Skin biopsy to confirm the diagnosis rarely is necessary, as LS is a self-limited disorder and generally no treatment is recommended. Topical and intralesional steroids do not routinely impact the resolution of LS; however, emollients and topical steroids may be used to treat associated dryness and pruritus, if present.18 Immunomodulators such as tacrolimus and pimecrolimus have been successfully used in treating persistent and pruritic LS lesions on the face and extremities.19,20 Tacrolimus also has been successfully used to treat nail abnormalities in LS.21

Guardians and family members should be reassured that LS is a benign condition that generally resolves spontaneously within 3 to 12 months. Also, guardians should be counseled regarding the possibility of postinflammatory hyperpigmentation or hypopigmentation, which may last for several months to years, particularly in children with darker skin types. Lichen striatus of the nails may have a more protracted course, lasting from 6 months to 5 years,22 but usually resolves spontaneously and without deformity.

Our patient developed a rare case of isolated LS at 2 years of age. Reports have suggested later onset of the condition, with more than 50% of all LS cases occurring in children aged 5 to 15 years.1,2 Despite the earlier onset in our case, the patient still presented with the classic nonpruritic single linear band of papules that is characteristic of LS.

The nail involvement in our case is quite intriguing because of its rarity, timing, and extent of involvement. Nail involvement is generally uncommon in LS, with approximately 30 cases reported worldwide since 1941.7 The nail changes in our patient were unique in their timing, with the isolated onychodystrophy developing 3 years after the initial skin lesion. This subtle timing may pose a diagnostic challenge in patients with LS if treating physicians are unable to link the presenting onychodystrophy to the earlier cutaneous component of the condition. Two reports have shown that nail changes in association with LS may occur at any time before, after, or concurrently with the skin lesions,4,8 suggesting that on rare occasions, as in our case, nail involvement may be the only area of involvement without the presence of typical LS skin lesions.8

The nail involvement in our patient also showed a greater severity than prior reports,8,9 as he lost 2 fingernails completely before regrowth.

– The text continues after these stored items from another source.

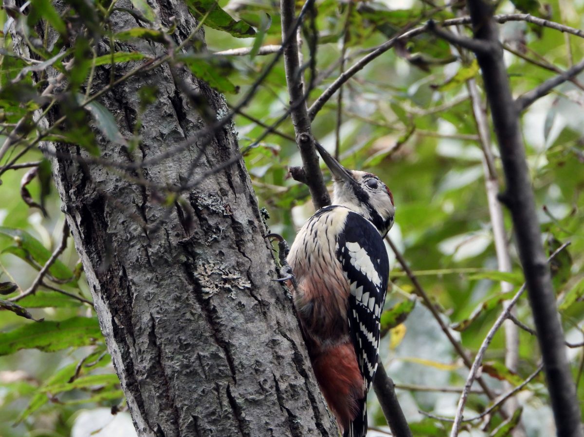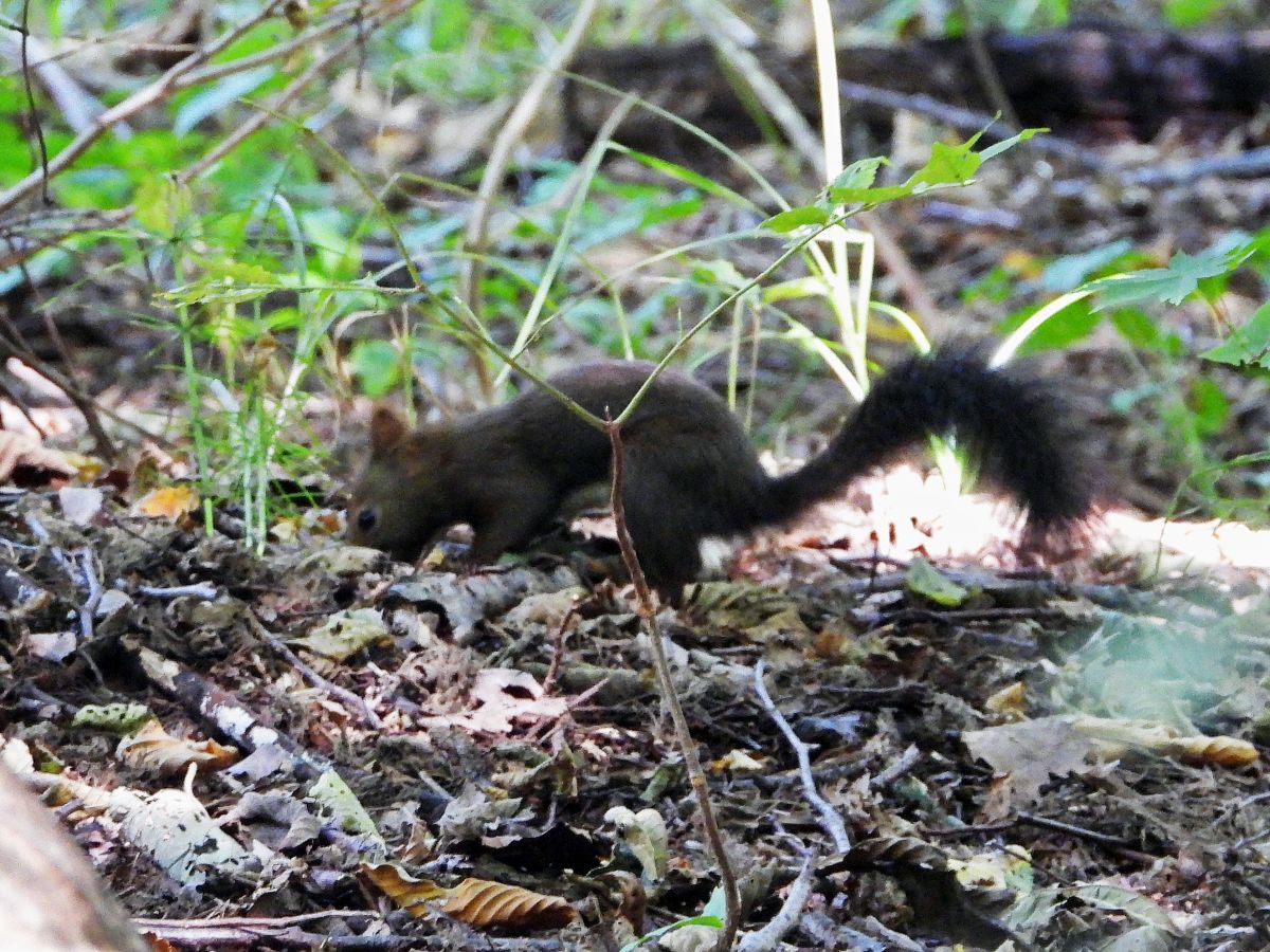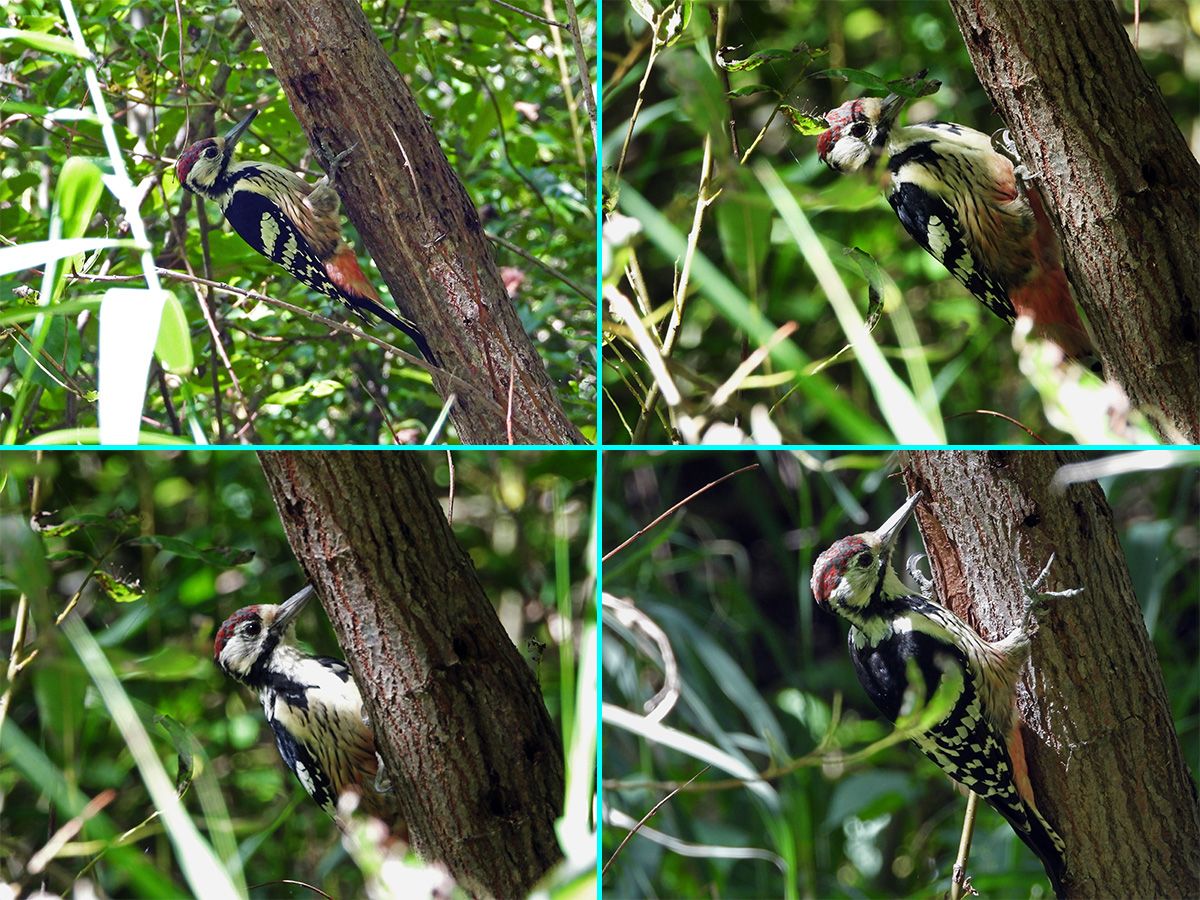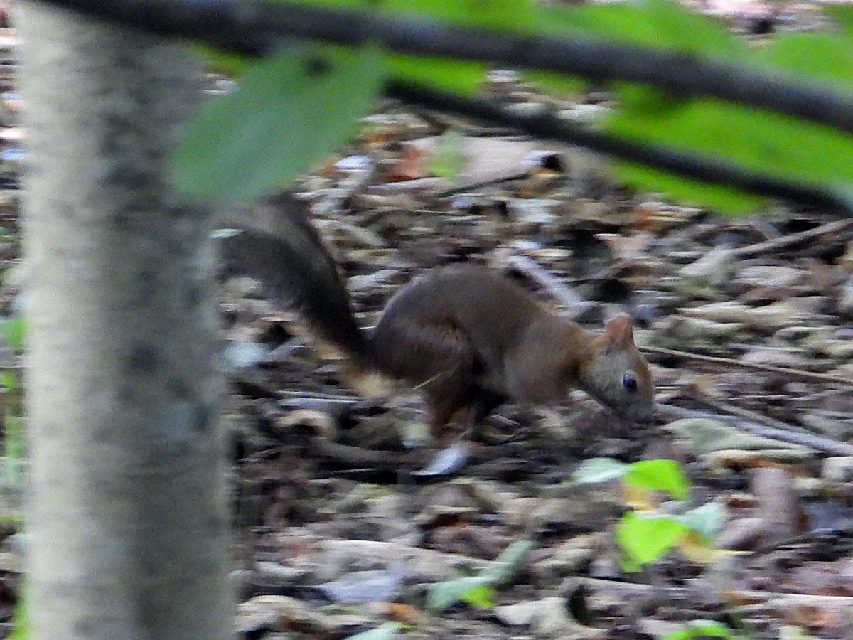 人工池の道路をはさんで向かい側の林で採餌をしていました。
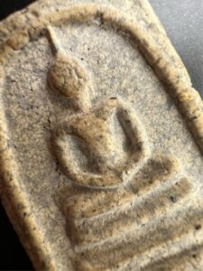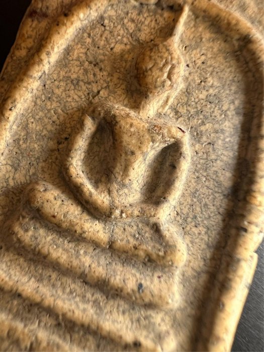 • 此款佛牌的材質通常較堅硬,粉質較粗,顏色偏黃或帶點淡灰色。
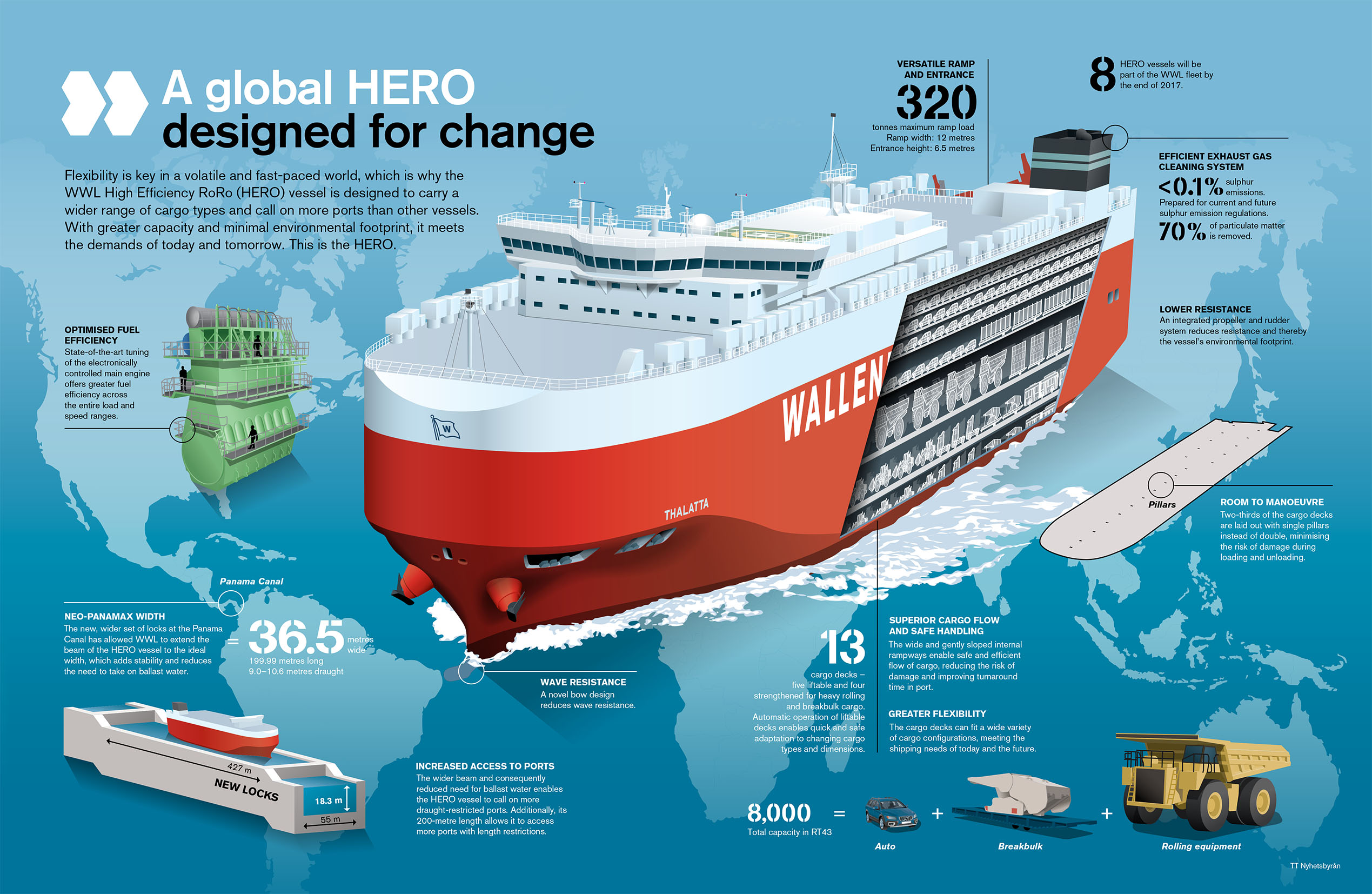 Durante más de cien años, el tamaño de las esclusas del Canal de Panamá ha sido una limitación al tráfico marino mundial. La ampliación de estas, inaugurada en junio de 2016, permite ahora el tránsito de buques de mayor tamaño, situación para la que Wallenius Wilhelmsen Logistics (WWL) se ha estado preparando desde 2010 con el diseño de una nueva generación de buques de carga rodada (RoRo), la clase HERO (High Efficiency RoRo), cuyo primer buque, el Thermopylae fue entregado a comienzos del 2015.
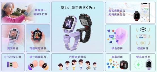 外观形态上,华为儿童手表5X Pro采用了可翻转、可摘取双面屏设计,精彩与专注并存。主屏功能丰富,翻转到副屏进入免打扰模式,守护孩子学习专注力。在智能化功能方面,华为儿童手表5X系列可摇一摇添加好友,支持微信儿童手表版和QQ儿童版,轻松实现跨品牌交友;支持NFC功能,抬抬手就能刷公交、刷门禁,孩子出行更便利;此外,还支持IPX8游泳级防水和多种运动模式。全新升级的华为教育中心提供了背单词、听儿歌、听名著等丰富学习内容,充分满足儿童日常出行、运动、探索和学习等需求。
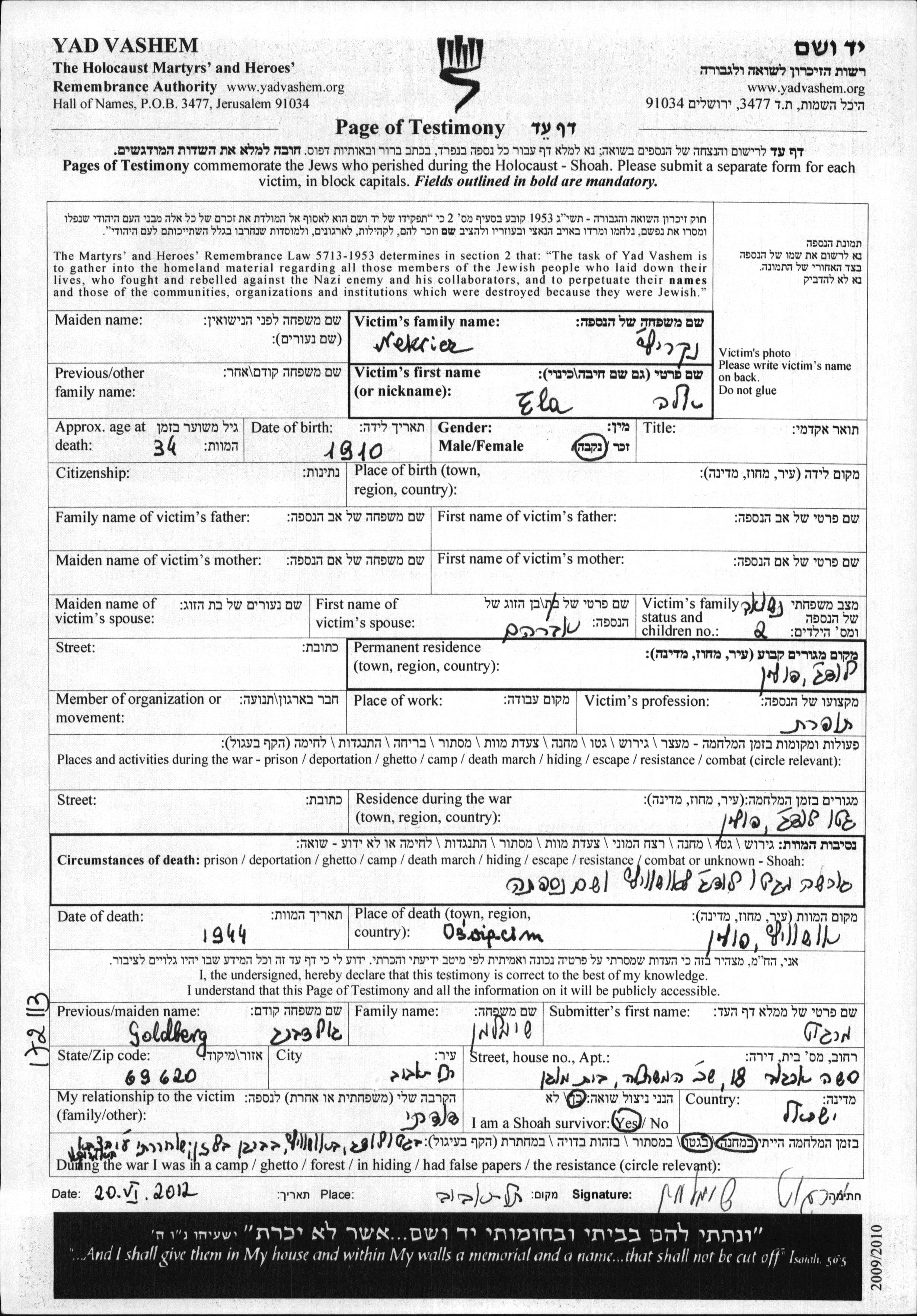 Ela Nekricz wurde im Jahr 1910 geboren. Sie war Schneiderin und mit Avraham Verheiratet. Vor dem Zweiten Weltkrieg lebte sie in Lodz, Polen. Während des Krieges war sie in Lodz, Polen.

Also, the bilateral distribution of onychodystrophy in our patient involving both the fingernails and toenails appeared to be consistent with a report by Al-Niaimi and Cox.22

Nail involvement in cases of LS may be underreported when, as in our case, nail dystrophy presents as the only area of involvement without the presence of the typical skin lesions characteristic of LS. It is reasonable to recommend that clinicians facing similar presentations of isolated onychodystrophy should include the possibility of LS in the differential diagnosis before committing patients to a more common diagnosis (eg, onychomycosis). Clinicians should inquire about any history of cutaneous LS and counsel patients to return for treatment should skin lesions develop that are suggestive of LS.